§ What the task asks: Look below for the line that has "واهتمت صحف تنزانيا"; output exactly from it through the line that has "European and American", and leave the pictures out.

§ Provided records:
..........

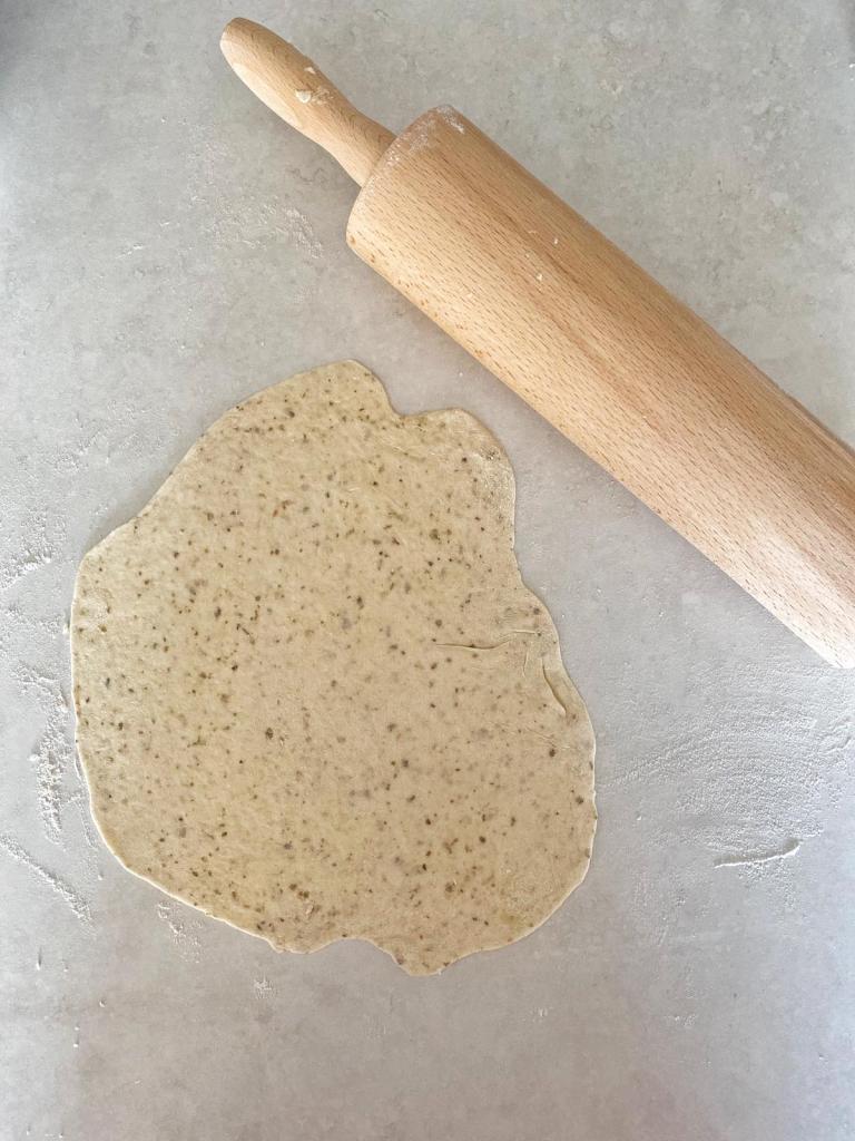 Am format o bilă din aluat și l-am lăsat acoperit cu o folie alimentară pentru aproximativ jumătate de oră, timp în care am pregătit ceva din pieptul de pui rămas.
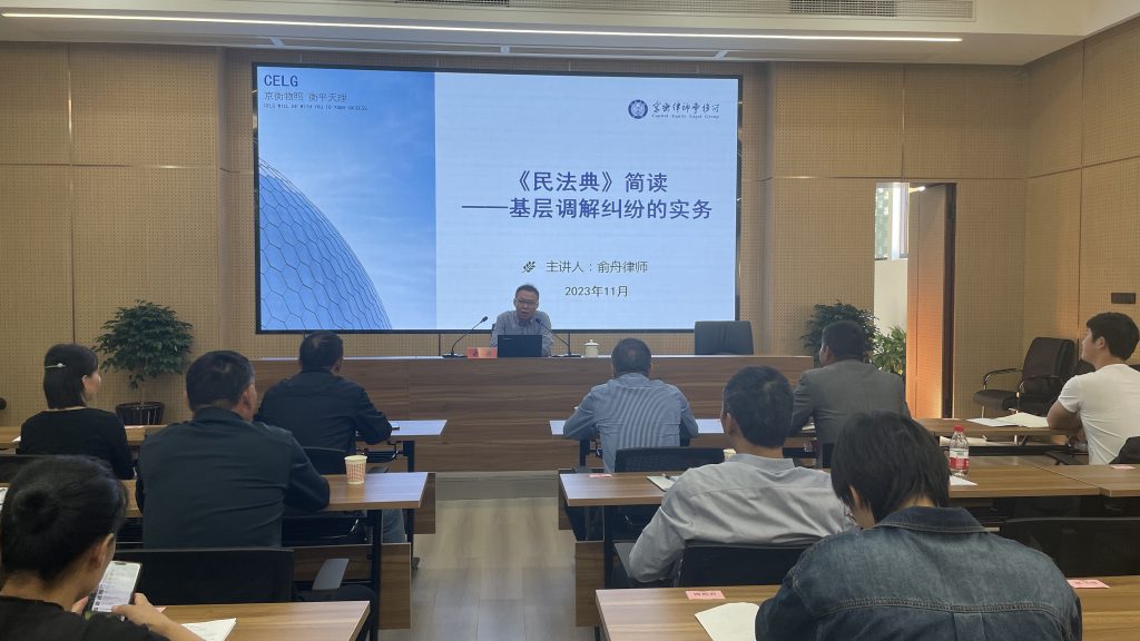 本所俞舟律师受邀开展《基层调解纠纷实务》普法讲座 时间:2023-11-02 11月2日上午,本所俞舟律师受小沙街道邀请,为该街道下辖的村干部、人民调解员以及新入职的大学生干部开展《基层调解纠纷实务》普法讲座,并对《民法典》的相关规定进行了解读。课上,俞律师选取了工作中较为常见的离婚纠纷、侵权纠纷、分家析产纠纷、赡养纠纷等案例,以案释法,讲述了各个案例中调解工作的要点。他强调,纠纷调解时应以“公平”、“合法”、“自愿”为基础,并注重运用调解技巧。讲座结束后,与会人员纷纷表示受益颇多,并希望能将俞律师分享的经验运用到今后的调解工作中,从而维护社会稳定。
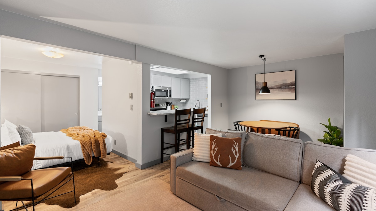 Rilassati in questo tranquillo monolocale moderno in posizione centrale. Situato a un miglio dal centro di McCall e dal lago Payette. È completo di cucina completa, letto matrimoniale, vasca idromassaggio privata, divano letto, bagno completo e splendida vista sui pini ponderosa dalle finestre. Questo monolocale si trova in una posizione meravigliosamente tranquilla che ti permette di goderti tutta la bellezza e l'avventura di McCall: escursioni a piedi e in bicicletta, pesca, canottaggio, spiagge, parchi, sci, ciaspolate, sci nordico e molto altro ancora.
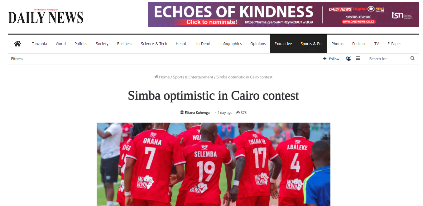 واهتمت صحف تنزانيا بمباراة الأهلي وسيمبا التنزاني، حيث نشرت صحيفة Daily News تقريرًا بعنوان “سيمبا متفائل بمباراة القاهرة”.
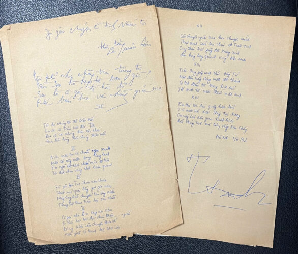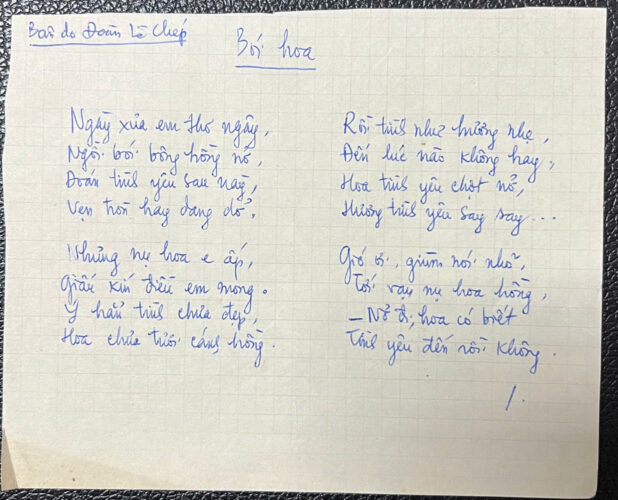 Bản chép tay bài thơ “Bói hoa” của nhà văn Đoàn Lê (1943-2017). “Khoảng năm 1989-1990, tôi hay đến chơi nhà cô Đoàn Lê ở làng Lủ, Thanh Trì, Hà Nội do tôi học cùng trường đại học ở Liên Xô với cháu ruột của cô là anh Trần Đoàn Lâm. Tôi rất ngạc nhiên khi biết cô Đoàn Lê mới là tác giả của bài thơ “Bói hoa” lãng mạn, trong sáng mà giới trẻ chúng tôi ngày ấy rất yêu thích và thường chép trong sổ tay. Nhưng hầu như ai cũng nhầm và đề tác giả bài thơ là nhà thơ lãng mạn Đức Heinrich Heine. Tôi đề nghị và cô Lê đã chép tay chữ rất đẹp cho tôi bài “Bói hoa” vào nửa trang vở học sinh, đề giản dị là “Bản do Đoàn Lê chép”.”
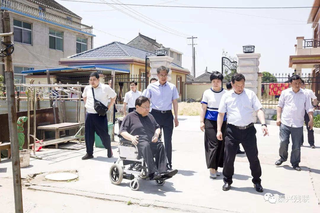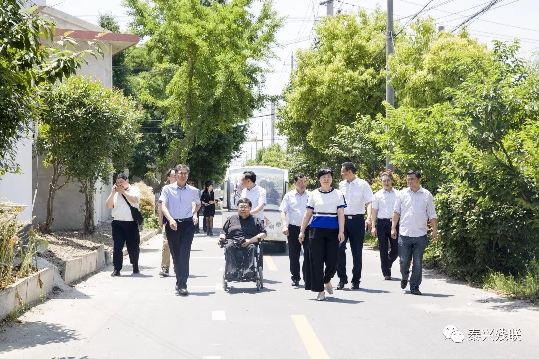 5月23日上午,中國殘聯(lián)副主席呂世明考察調(diào)研黃橋鎮(zhèn)祁巷村無障礙環(huán)境建設(shè)情況。江蘇省殘聯(lián)黨組書記、理事長萬力,泰州市殘聯(lián)黨組書記、理事長欒斌,泰興市政府副市長謝紅官,黃橋鎮(zhèn)人大主席洪飛陪同考察。
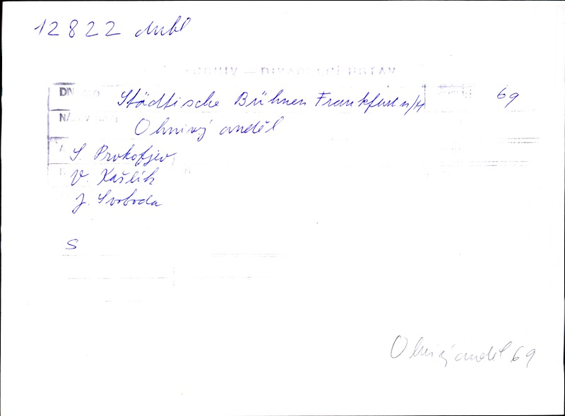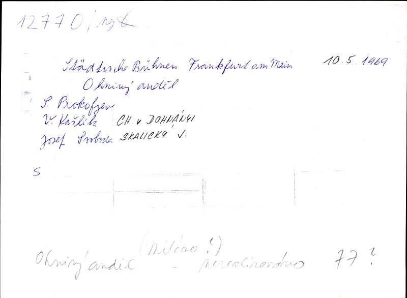 Naplněno pro scénografickou sbírku, proto neúplné.
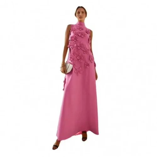European and American Socialite Style Dress 2024 Stand Collar Sleeveless Design Three-Dimensional Flower Long Solid Color Dress
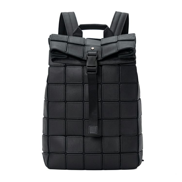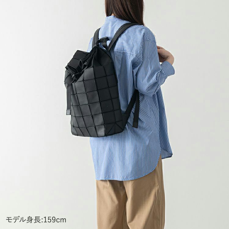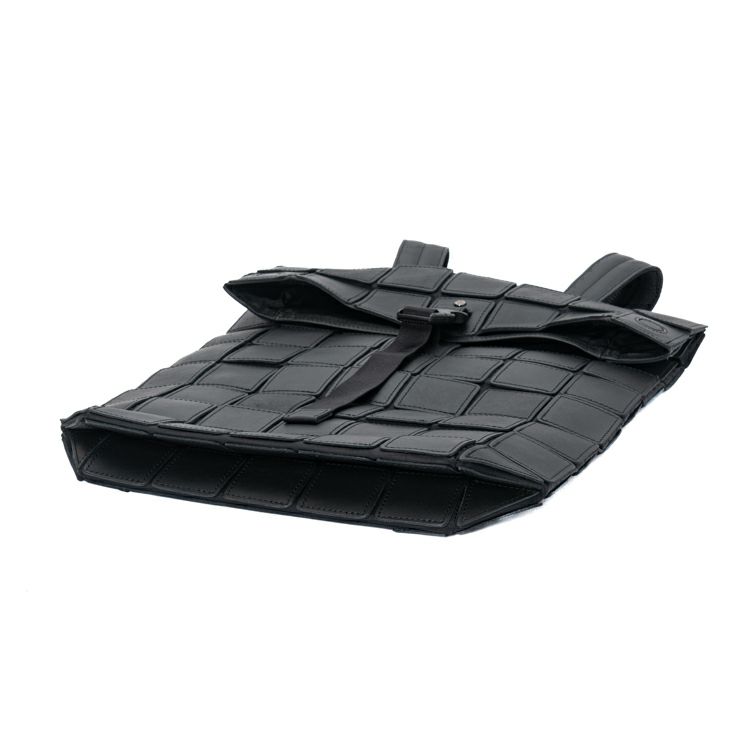 上質なレザーパーツと、ほどよい光沢を帯びた高級感のあるナイロン素材を組み合わせた、独自のコンビネーション。正方形に切り出した革の間から覗くナイロンが、視覚的にも軽やかで、フォルムも自在に変化。さらに、ナイロンに正方形のレザーパーツを3mmの間隔で1枚ずつ縫い付けるという、緻密で高度な技術を駆使。軽量でしなやかなだけでなく、使い込むほどに味わいを増す本革ならではの魅力も感じられます。

..........

§ Expected answer:
 واهتمت صحف تنزانيا بمباراة الأهلي وسيمبا التنزاني، حيث نشرت صحيفة Daily News تقريرًا بعنوان “سيمبا متفائل بمباراة القاهرة”.
 Bản chép tay bài thơ “Bói hoa” của nhà văn Đoàn Lê (1943-2017). “Khoảng năm 1989-1990, tôi hay đến chơi nhà cô Đoàn Lê ở làng Lủ, Thanh Trì, Hà Nội do tôi học cùng trường đại học ở Liên Xô với cháu ruột của cô là anh Trần Đoàn Lâm. Tôi rất ngạc nhiên khi biết cô Đoàn Lê mới là tác giả của bài thơ “Bói hoa” lãng mạn, trong sáng mà giới trẻ chúng tôi ngày ấy rất yêu thích và thường chép trong sổ tay. Nhưng hầu như ai cũng nhầm và đề tác giả bài thơ là nhà thơ lãng mạn Đức Heinrich Heine. Tôi đề nghị và cô Lê đã chép tay chữ rất đẹp cho tôi bài “Bói hoa” vào nửa trang vở học sinh, đề giản dị là “Bản do Đoàn Lê chép”.”
 5月23日上午,中國殘聯(lián)副主席呂世明考察調(diào)研黃橋鎮(zhèn)祁巷村無障礙環(huán)境建設(shè)情況。江蘇省殘聯(lián)黨組書記、理事長萬力,泰州市殘聯(lián)黨組書記、理事長欒斌,泰興市政府副市長謝紅官,黃橋鎮(zhèn)人大主席洪飛陪同考察。
 Naplněno pro scénografickou sbírku, proto neúplné.
European and American Socialite Style Dress 2024 Stand Collar Sleeveless Design Three-Dimensional Flower Long Solid Color Dress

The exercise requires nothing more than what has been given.